Joachim Strybny wurde am 6. Juni 1937 im niederschlesischen Glatz geboren. Die Zeit seiner behüteten Kindheit währte nur kurz. Nach der Niederlage Deutschlands im Zweiten Weltkrieg entschieden die alliierten Siegermächte die politische und territoriale Neuordnung Deutschlands, von der die Familie Strybny direkt betroffen war. Im Januar 1946 wurde sie aus Schlesien ausgewiesen. 13 Tage lang waren sie in einem Güterzug unterwegs, Ziel unbekannt. Kälte, Plünderungen und eine ungewisse Zukunft waren ihre ständigen Begleiter.

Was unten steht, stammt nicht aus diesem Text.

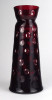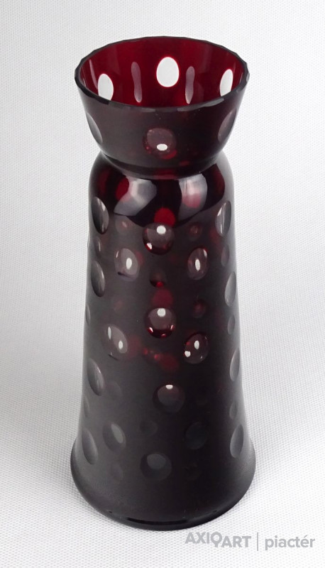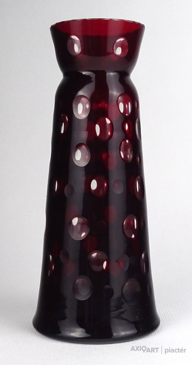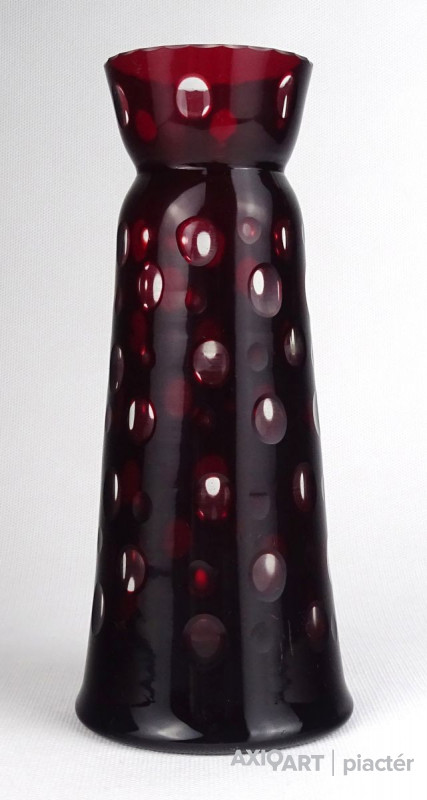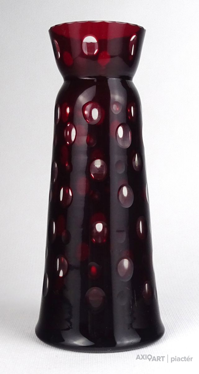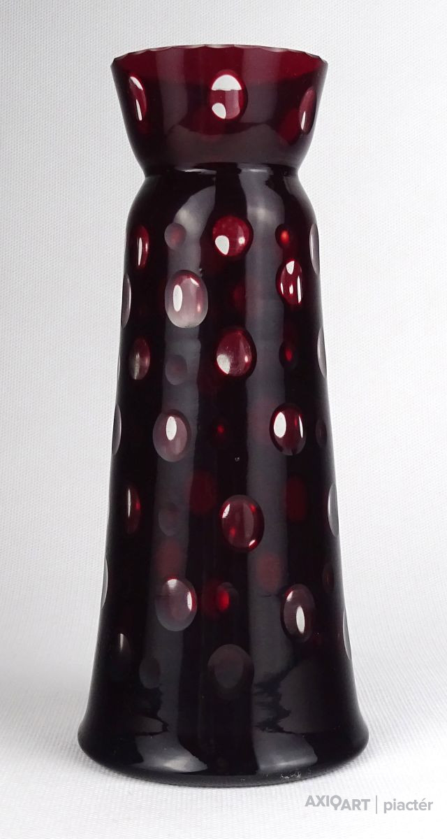 Régi, hibátlan állapotú fújt rétegelt üveg váza. Piros színű, csiszolt pöttyös üveg váza, virágváza, díszváza.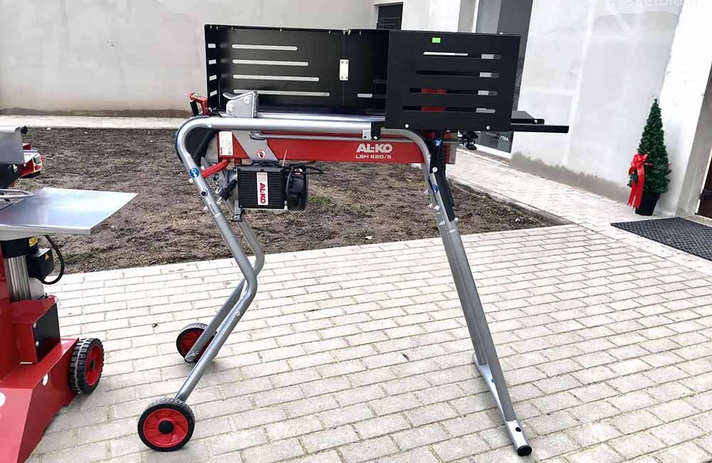 Среди особенностей этой модели стоит отметить насадку для разделения поленьев на четыре части и наличие колес для перемещения устройства. Кроме того, предусмотрена система блокировки от случайного запуска и защита от перегрузки.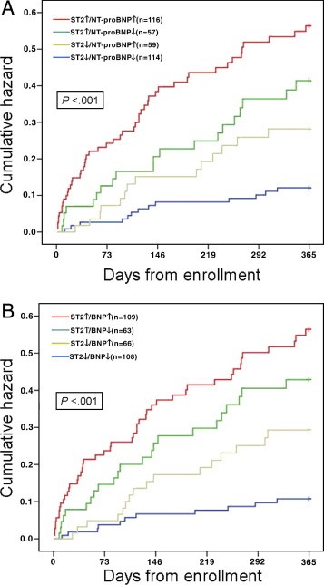 שיעורי תמותה במטופלים מבוטאים כפונקציה של רמות ST2 ושל רמות (A) ‏ NT-proBNP ו-(B) ‏ BNP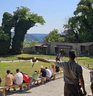 Bei bestem Sommerwetter ging es für die Kinder und vier Betreuern des Ortsvereins mit dem Bus nach Riedenburg. Der erste Halt erfolgte an der Sommer-Rodelbahn „Altmühlbob“. Dort durften sich die Mädchen und Jungen den Wind bei den Fahrten mit den Rodeln um die Nase wehen lassen. Sie konnten zwischen der normalen Sommer-Rodelbahn und dem rasanten Speed-Bob wählen, oder am anliegenden Spielplatz toben. Ein weiterer Höhepunkt war die Flugvorführung des Falkenhof Rosenburg. Nach kurzer Einweisung der Falkner, nahmen die mutigen Kinder direkt am Hauptplatz ihre Plätze auf den Baumstämmen ein, um die Flugkünste der Raubvögel hautnah zu erleben. Es war für alle sehr beeindruckend, Falken, Adler, Bussarde, Milane, Eulen und Geier aus nächster Nähe beobachten zu können und interessante Einblicke in die Aufgabenvielfalt des Falkenhofes und der Arbeit mit den über 40 Greifvögeln zu erhalten. Nach der tollen Flugshow hatten die Kinder die Möglichkeit, die Rosenburg und das Museum auf eigene Faust zu erkunden. Abends ging es mit dem Bus und vielen zufriedenen Kindern wieder in die Heimat.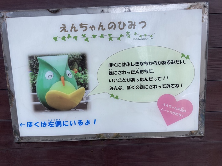 えんちゃんの足はハート形になっています。触るといいことが起きるそうです。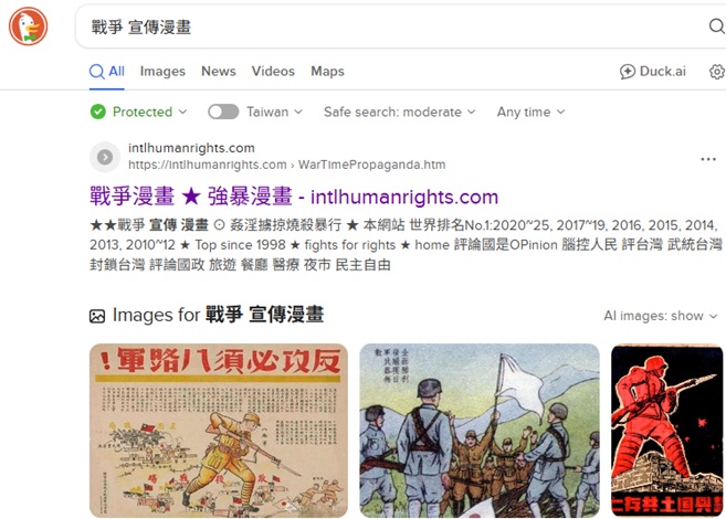 "戰爭強暴漫畫" 排名美國Duckduckgo第1, 2025-10-21, 2025-9-24, 9-21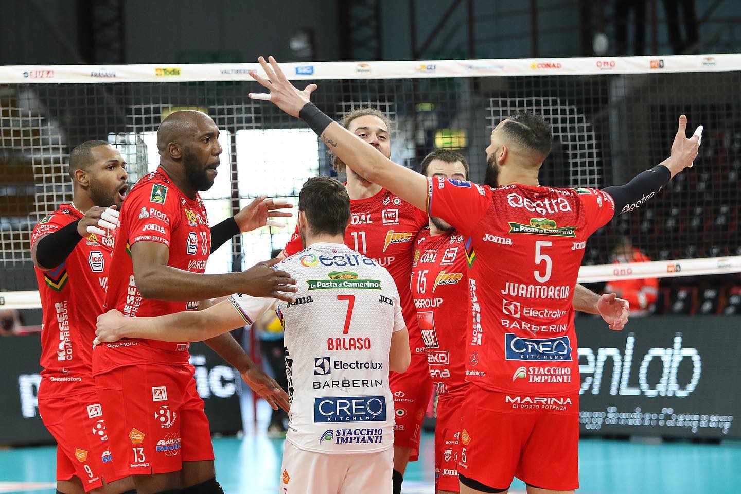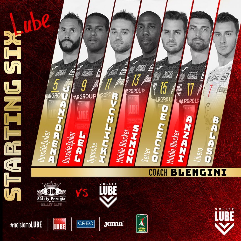 CUCINE LUBE CIVITANOVA: Kovar, Marchisio, Juantorena 15, Balaso (L), Leal 18, Larizza (L) n.e., Rychlicki 13, Diamantini n.e., Simon 21, De Cecco, Anzani 3, Falaschi n.e., Hadrava n.e., Yant. All. Blengini.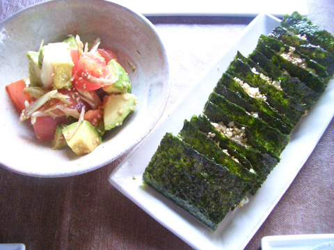 冷蔵庫にはアボカドと茗荷(みょうが)があったので
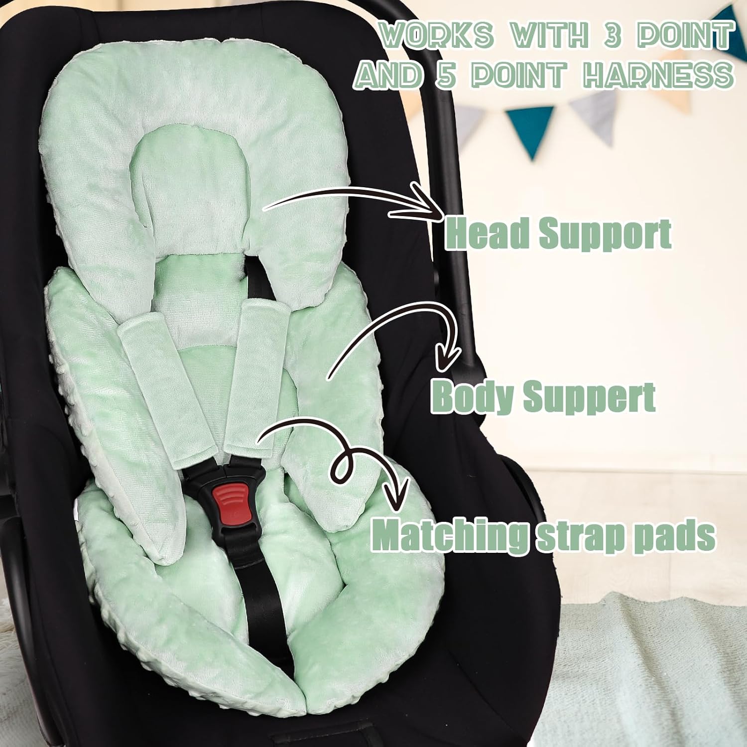 - Versatility and Functionality: This padded fabric insert is designed for use in car seats with 3 or 5-point harness systems and is also suitable for some swings, pushchairs, rocking chairs and so on

Vertrieben aus ihrer Heimat, erreichte er mit seiner Mutter und weiteren Angehörigen Anfang Februar 1946 Aurich. Von dort aus wurden sie auf einen Bauernhof nach Arle weiterverteilt. Erst in Ostfriesland sah Joachim Strybny seinen aus Kriegsgefangenschaft entlassenen Vater wieder. Die Jahre nach der Ankunft waren wechselvoll: Sowohl die Sicherung der finanziellen Existenz der Familie als auch die soziale und kulturelle Eingliederung benötigte Zeit und erforderte großen Lebensmut. In späteren Jahren war es Joachim Strybny möglich, das Ulrichsgymnasium in Norden zu besuchen. Nach seinem Abitur studierte er Deutsch und Geografie in Göttingen. Das Studium musste er sich mit Hilfe zahlreicher Gelegenheitsjobs – zumeist als Musiker – in Eigenleistung finanzieren. Sein Weg führte ihn schließlich zurück nach Norden, wo er am Ulrichsgymnasium eine Stelle als Lehrer antrat. In Norden heiratete er seine Jugendliebe Meta. Die beiden gründeten eine Familie und bekamen zwei Söhne. 

Die Erinnerungen eines Kindes, Jugendlichen und jungen Erwachsenen an Vertreibung, Ankunft und Eingliederung setzt Joachim Strybny bei seiner Lesung immer wieder in den historisch-politischen Kontext der Zeit.